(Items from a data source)
========================================================================
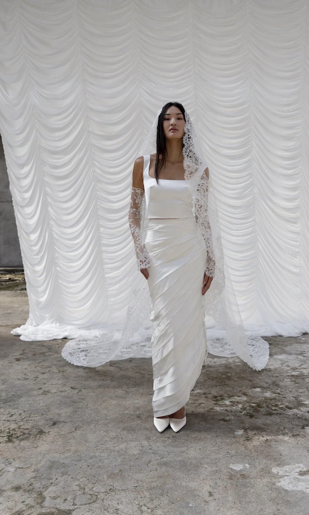 This separable silk satin wedding dress has something unique, a certain je ne sais quoi. You will love its abundance of silk bands and the asymmetry of the skirt’s hemline. Worn with an XXL Calais lace veil, you will look like a goddess with an undeniably modern allure. For brides seeking freedom of movement and uniqueness.
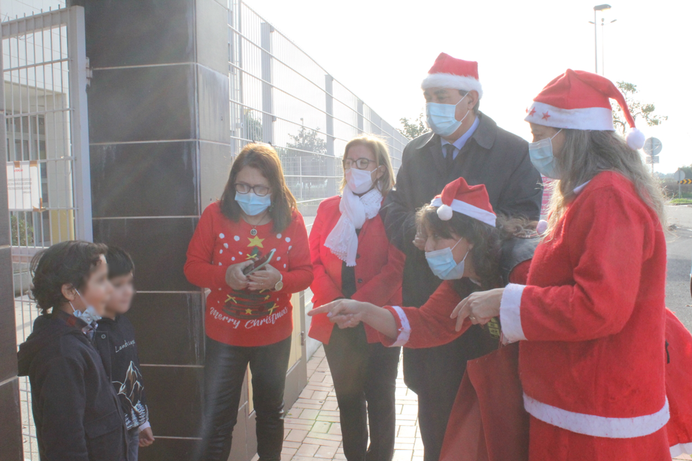 O Presidente da Câmara Municipal, Jorge Faria, a Vice-Presidente Ilda Joaquim, o Vereador Carlos Amaro e Vereadora Tília Nunes juntaram-se a uma representação dos Pais-Natal do Motoclube, nesta visita pelo Jardim de Infância Sophia de Mello Breyner, E. B. Zona Verde, E. B. António Gedeão, E.B. do Bonito, Centro Social Paroquial, Escola Rumo ao Futuro, Colégio dos Navegantes, Escola João de Deus e Infantário Encoprof, levando a magia do Natal para as cerca de 1400 crianças, destes estabelecimentos de ensino.
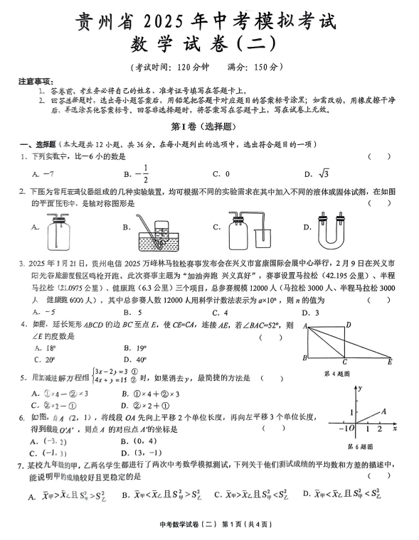 2025年贵州省黔东南州剑河县第四中学中考模拟考试数学试卷+
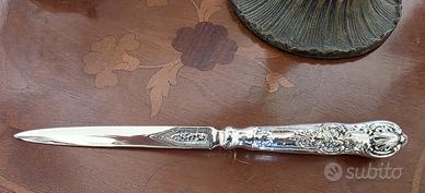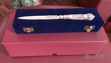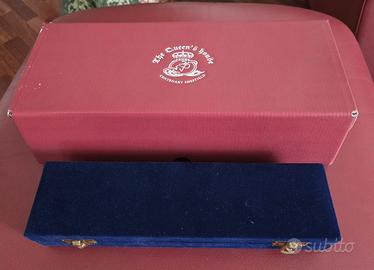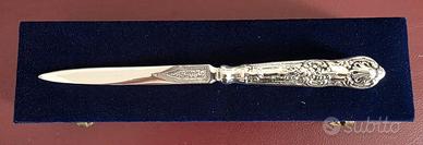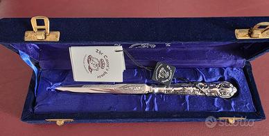 Raffinato tagliacarte inglese “The Queen’s House”, realizzato in Sheffield e completo di astuccio originale in velluto blu e scatola protettiva. L’oggetto presenta una linea elegante e classica, ideale sia come accessorio da scrivania sia come pezzo da collezione. Il tagliacarte è in ottime condizioni, con finiture di qualità e un design che richiama la tradizione artigianale inglese. L’astuccio in velluto blu e la scatola originale lo rendono perfetto anche come idea regalo. Oggetto ricercato per amanti dei prodotti inglesi, della cancelleria di pregio e dei collezionabili da scrivania.
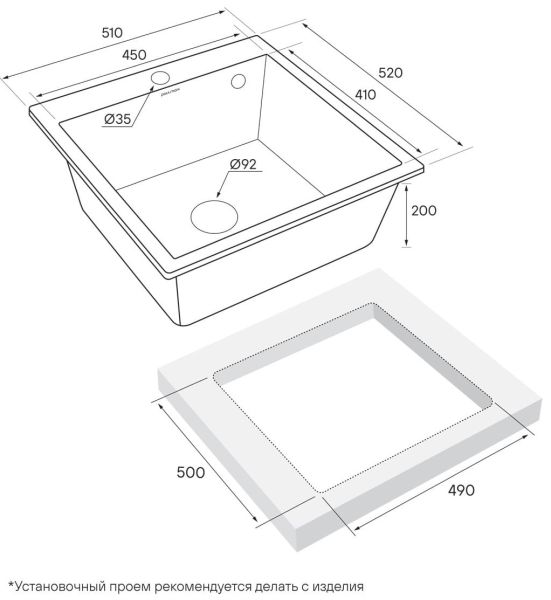 Мойка KANTE 50, изготовленная из искусственного гранита под брендовым названием IT-GRANIT, это:
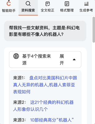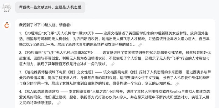 先试试「学术搜索」,输入「人机恋爱」,材料基本都是出自百度学术,但质量参差不齐,其中一些怎么看怎么不靠谱,怎么还能跑题到无人机种地呢?
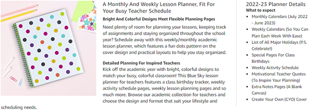 • Weekly view lesson planning pages offer ample lined writing space for detailed daily planning and classroom scheduling every day of the week so you can stay organized throughout the school year
========================================================================
The lines wanted are those from the one with "Мойка KANTE 50, изготовленная" to the end of the entries above, repeated exactly, both ends included. Leave out the pictures.

 Мойка KANTE 50, изготовленная из искусственного гранита под брендовым названием IT-GRANIT, это:
 先试试「学术搜索」,输入「人机恋爱」,材料基本都是出自百度学术,但质量参差不齐,其中一些怎么看怎么不靠谱,怎么还能跑题到无人机种地呢?
 • Weekly view lesson planning pages offer ample lined writing space for detailed daily planning and classroom scheduling every day of the week so you can stay organized throughout the school year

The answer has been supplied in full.